Our TeamCity build automation server hosts more than 80 build configurations. About a third of those runs on every code change. There are builds doing .NET compilation and unit-testing, JavaScript linting, running QUnit and Watin tests, creating MSI installers or NuGet packages, and deploying applications to staging environments.  

Ad-Hoc Environment Allocation

We have 5 identical environments closely mimicking our production setup, named ENV1 to 5. Why are they made identical?  So we can install the same exact binary package to any one of them! This saves a huge amount of energy otherwise required to manage all those installations and config files. Different versions of the same application may be automatically deployed to multiple ENVs. For example, an actively developed application may have its Trunk build pushed to ENV3 while its more stable Production Maintenance Branch will be deployed to ENV4 and 5, to facilitate integration testing of other projects.  
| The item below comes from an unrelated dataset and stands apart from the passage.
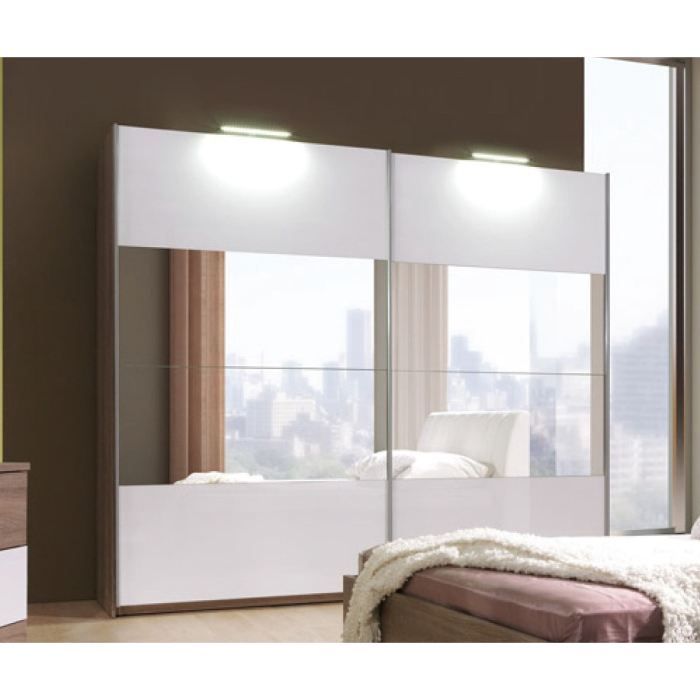 Armoire 2 Portes Coulissantes Versus Blanche Laquee Avec Miroirs

Database Change Management

Since our databases are always in flux, we had to devise a process to keep all those changes in control, while not restricting the developers' freedom to write arbitrary SQL scripts to solve their data- and schema- migration problems. With this in mind, you can appreciate our DB Change Management process, which revolves around an idea I call "Delta Script Queues". A Delta Script queue is really just a directory in our Subversion repository, but here's what makes it a queue: Every time a new DB change is required, it's coded up in SQL, and the script is added at the end of the queue. Before the change will appear in Production, it will be deployed to several development databases, and because they get reset on a weekly basis, all SQL scripts will run again and again, always in the same sequence. To avoid surprises, an existing script already in the queue is considered immutable, but its effects can always be offset by adding a subsequent script. When the changeset is finally ready to go, the queue is flushed by executing it on Production, and a new queue is started for the next changeset. One of our most important CI processes is the so-called "BoatSync/DbBuildBase". The BoatSync process scripts the Production Database schema daily and checks any changes into the source control. The DbBuildBase rebuilds all 5 of our production databases from these scripts, and further applies any dev-in-progress scripts from the Delta Script folders. The resulting database files are then published to a network share. Those test builds that rely on db, start by downloading the database and reattaching it to a local SQL Server instance. This allows every test to run against a fresh copy of the database, with all Production and Development changes synced up!  

Test Driven Development

Nested within the CI loop is the Red-Green-Refactor cycle of TDD, running on each individual developer's workstation. We strive to keep both loops as short as possible, and for each individual iteration to contain as few changes as possible. Minimizing the amount of "balls in the air" (i.e., broken code) at any given time helps our developers stay in control, while avoiding the "stack overflows" with their panic, and the resulting cowboy coding episodes. Our software project mechanics are designed to encourage the "tests-first" coding style. Whenever possible, the unit-tests run against a local database, reconstructed from production schema, with recent changes applied. Every application being developed is configured to run locally, without having to push a build to a common "development environment".  

Challenges and Next Steps

It took us years to come from where we were to where we are, but we are far from where we're heading to ;) Here are some of the challenges we could use help with:
  • Our legacy projects still rely on Project References for dependency management. We need to finish the process of NuGet-ization, switch everything to Binary References and stop committing binaries to the Source Control,
  • Our Subversion repository is huge. Perhaps we should migrate to a-repository-per-project model? Should we adopt Git or Mercurial for new projects?
  • Our RDBMS-centric architecture is reaching its limits. We are thinking along CQRS lines, with primed caches backing up the reads, and messaging-driven worker services handling the cache misses and the writes. This should make our logic less query-heavy, which would eliminate the need for ORM and reduce the number of unit-tests requiring a live db connection.
  • Our backlog-management and work-initiation processes are still pretty immature, despite our partial success with Kanban.
  • Need a lot more automated regression/integration testing done at the UI level.
  • In general, need to increase our test coverage, and tighten up our TDD. While few of us have experimented with BDD, that whole area lies largely unexplored.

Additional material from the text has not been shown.